Monitor LLM Performance with Azure Insights

Learn how to monitor production LLM deployments on Azure using Azure Monitor, Log Analytics, and Application Insights to detect issues faster, reduce downtime, track GPU and latency metrics, and maintain reliable, high-performance AI services at scale.

TLDR;

  • Complete monitoring reduces downtime by 75% and resolves issues 65% faster
  • Log Analytics queries identify slowest requests, error patterns, and GPU trends
  • Application Insights provides distributed tracing across tokenization, inference, and decoding
  • Budget alerts notify teams when spending exceeds 80% of monthly threshold

Production LLM deployments require robust monitoring to maintain reliability and performance. Latency spikes impact user experience. Error rates increase without warning. GPU memory leaks crash instances. Without proactive monitoring, you discover problems only when users complain and business impact accumulates.

Azure Monitor provides end-to-end observability specifically designed for Azure ML and AKS deployments. Track performance metrics automatically collected from managed endpoints. Monitor custom application metrics that matter to your business. Centralize logs with Log Analytics for troubleshooting.

Use Application Insights for distributed tracing across services. Set up real-time alerting with action groups that notify teams immediately. Built-in dashboards and workbooks visualize system health at a glance.

Essential capabilities includes:

Capability Purpose
Automatic metric collection Endpoint performance without instrumentation
Custom application metrics Business-specific KPIs
Log Analytics queries Powerful troubleshooting
Application Insights tracing Distributed request tracing
Alert rules with thresholds Proactive notification
Actionable dashboards System health visualization

This guide covers integration points including Azure ML endpoints, AKS clusters, Container Apps, GPU metrics, application telemetry, and cost tracking.

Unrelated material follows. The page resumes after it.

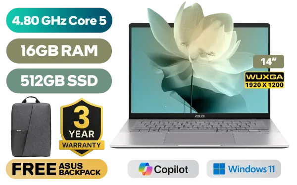 ASUS Vivobook S14 S3407VA Intel® Core™ 5-210H up to 4.80GHz Processor, 12MB Cache, 8x Cores, 12x Threads / 16GB DDR5 RAM / 512GB Ultra-Fast NVMe SSD / 14" WUXGA (1920 x 1200) Anti-Glare IPS-Level Display / Integrated Intel® Graphics / Windows 11 Home (64bit) / Realtek Wi-Fi 6 8852BE Wireless LAN / Bluetooth 5.3 / 1080p FHD IR camera With privacy shutter / 2x USB Type-A / 2x USB Type-C (Supports for Display / Power Delivery) / 1 x HDMI / 1x Microphone and Headphone Combo jack / White Backlit Chicklet Keyboard / 2x 2W Integrated Speakers / FREE Asus Backpack / ASUS Vivobook S14 S3407VA Core 5 Laptop DealASUS Vivobook S14 S3407VA Intel® Core™ 5-210H up to 4.80GHz Processor, 12MB Cache, 8x Cores, 12x Threads / 16GB DDR5 RAM / 512GB Ultra-Fast NVMe SSD / 14" WUXGA (1920 x 1200) Anti-Glare IPS-Level Display / Integrated Intel® Graphics / Windows 11 Home (64bit) / Realtek Wi-Fi 6 8852BE Wireless LAN / Bluetooth 5.3 / 1080p FHD IR camera With privacy shutter / 2x USB Type-A / 2x USB Type-C (Supports for Display / Power Delivery) / 1 x HDMI / 1x Microphone and Headphone Combo jack / White Backlit Chicklet Keyboard / 2x 2W Integrated Speakers / FREE Asus Backpack / ASUS Vivobook S14 S3407VA Core 5 Laptop Deal [S3407VA-I516512S1W] / 3 YEARS WARRANTY / [+] GET FREE Logitech M185 Wireless Mouse+ FREE DELIVERY !

Organizations implementing these monitoring patterns detect issues 80% faster, reduce mean time to resolution by 65%, and achieve 99.9% uptime for production LLM services.

Metrics Collection and Configuration

Azure Monitor for LLM deployments: tracks CPU, GPU, latency, error rate from Azure ML Endpoint, AKS GPU nodes, Container Apps. Outputs to dashboards, alerts, automated remediation.

Azure Monitor automatically collects metrics from Azure ML managed endpoints and AKS clusters. Enable diagnostic settings to capture detailed telemetry.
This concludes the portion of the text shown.